You can disable the implicit unnesting behavior for groupBy by setting groupByEnableMultiValueUnnesting: false in your query context. In this mode, the groupBy engine will return an error instead of completing the query. This is a safety feature for situations where you believe that all dimensions are singly-valued and want the engine to reject any multi-valued dimensions that were inadvertently included.

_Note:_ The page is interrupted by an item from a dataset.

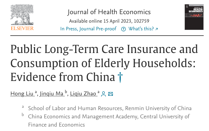科研成果 | 公司博士生马金秋在健康经济学国际顶刊Journal of Health Economics发表论文 近日,太阳成集团tyc9728中国经济与管理研究院博士生马金秋(师从刘宏教授)与中国人民大学劳动人事公司刘宏教授、赵丽秋副教授合作撰写的论文“Public Long-Term Care Insurance and Consumption of Elderly Households: Evidence from China”,发表于健康经济学国际顶刊Journal of Health Economics。01.摘要随着全球人口老龄化的加剧,老年人的长期护理问题成为重大的社会风险。世界主要发达国家先后推行长期护理保险制度应对长...

Differences between arrays and multi-value dimensions

Avoid confusing string arrays with multi-value dimensions. Arrays and multi-value dimensions are stored in different column types, and query behavior is different. You can use the functions MV_TO_ARRAY and ARRAY_TO_MV to convert between the two if needed. In general, we recommend using arrays whenever possible, since they are a newer and more powerful feature and have SQL compliant behavior.

Use care during ingestion to ensure you get the type you want.

To get arrays when performing an ingestion using JSON ingestion specs, such as native batch or streaming ingestion such as with Apache Kafka, use dimension type auto or enable useSchemaDiscovery. When performing a SQL-based ingestion, write a query that generates arrays. Arrays may contain strings or numbers.

To get multi-value dimensions when performing an ingestion using JSON ingestion specs, use dimension type string and do not enable useSchemaDiscovery. When performing a SQL-based ingestion, wrap arrays in ARRAY_TO_MV. Multi-value dimensions can only contain strings.

You can tell which type you have by checking the INFORMATION_SCHEMA.COLUMNS table, using a query like:

  1. SELECT COLUMN_NAME, DATA_TYPE
  2. FROM INFORMATION_SCHEMA.COLUMNS
  3. WHERE TABLE_NAME = 'mytable'

Arrays are type ARRAY, multi-value strings are type VARCHAR.